Maya infló las mejillas con dramatismo y Lucía le pellizcó la nariz con suavidad, un gesto pequeño que, para ella, significaba protección.

“Luego te compro un cannolo si te portas bien.”

“¿De pistache?”

“De pistache.”

Maya sonrió y desapareció en la cocina.

Cuando Lucía regresó al salón, el hombre la observaba otra vez. No con interés en la niña, sino con atención hacia el cambio que se producía en Lucía cuando hablaba con ella, como si archivara mentalmente esa diferencia.

Lucía sintió un escalofrío.

Continuó trabajando. Atendió mesas, cobró cuentas, repartió pan, sostuvo conversaciones triviales. Intentó convencerse de que era solo un cliente más. Pero cada vez que levantaba la vista, él seguía allí.

No pedía nada ni hablaba con nadie. No estaba pendiente de su teléfono; tan solo observaba, como quien espera que el otro revele algo sin darse cuenta.

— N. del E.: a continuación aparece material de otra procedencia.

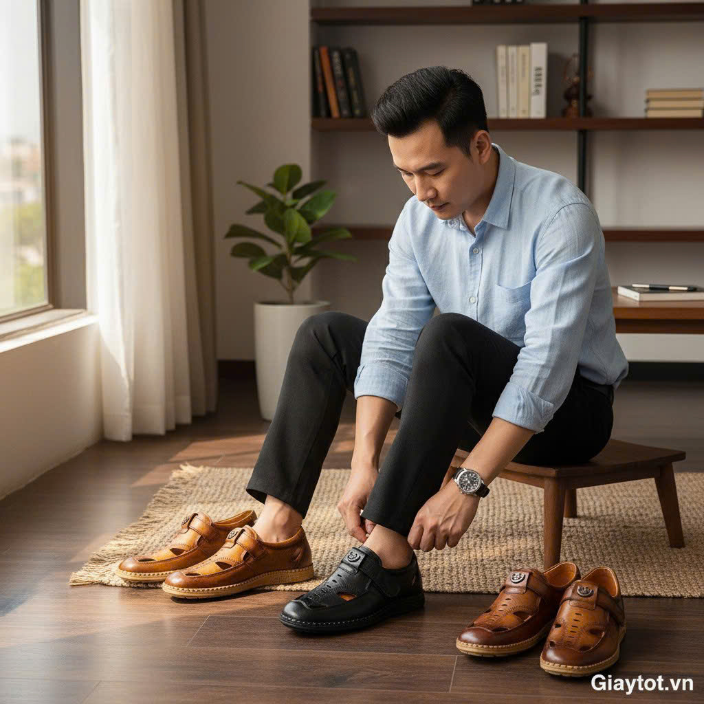 👞 Giày Lười Da Bò Đục Lỗ Cao Cấp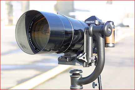 Pentax’s600mm f/4lens weighs 13lbs. It’s 14.5" long and has a front element diameter of 170mm. This is abiglens. Together with aPentax 67 IIbody the combo weighs in at nearly 17lbs. Why would anyone subject themselves to this, and how on earth does oneusesuch a lens?

Cuando terminó el espresso, se levantó sin prisa. Dejó el dinero sobre la mesa, más de lo necesario, y se colocó los guantes con un gesto meticuloso.

Lucía no se acercó. Prefirió mantener la distancia; no quería agradecer ni tampoco deber. Por alguna extraña razón, se sentía comprometida y prefirió que la escasa distancia que le ofrecía el café fuera más que suficiente para contener el extraño vaivén que comenzaba a instalarse dentro de ella.

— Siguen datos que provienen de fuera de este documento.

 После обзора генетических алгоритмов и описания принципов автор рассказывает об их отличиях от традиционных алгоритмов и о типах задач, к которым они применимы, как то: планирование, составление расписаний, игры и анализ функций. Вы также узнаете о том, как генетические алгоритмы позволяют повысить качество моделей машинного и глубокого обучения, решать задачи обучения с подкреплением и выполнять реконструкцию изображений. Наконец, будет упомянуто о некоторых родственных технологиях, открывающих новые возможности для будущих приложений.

Él se detuvo junto a la puerta y, sin girarse del todo, dijo:

“Volveré.”

No sonó como una promesa.

Sonó como una decisión.

La campanilla tintineó cuando salió y el aire pareció moverse otra vez, como si alguien hubiera liberado una presión invisible. Las voces subieron; las cucharas chocaron de nuevo con normalidad.

Lucía se quedó quieta, el trapo aún entre las manos, mirando la lluvia adherida al cristal.

Quiso tomarse una breve pausa en el espacio y el tiempo porque sintió algo parecido a un presentimiento. No de peligro inmediato, sino de cambio.

Y el cambio —lo supo sin entender cómo— olía a café amargo y a seda negra.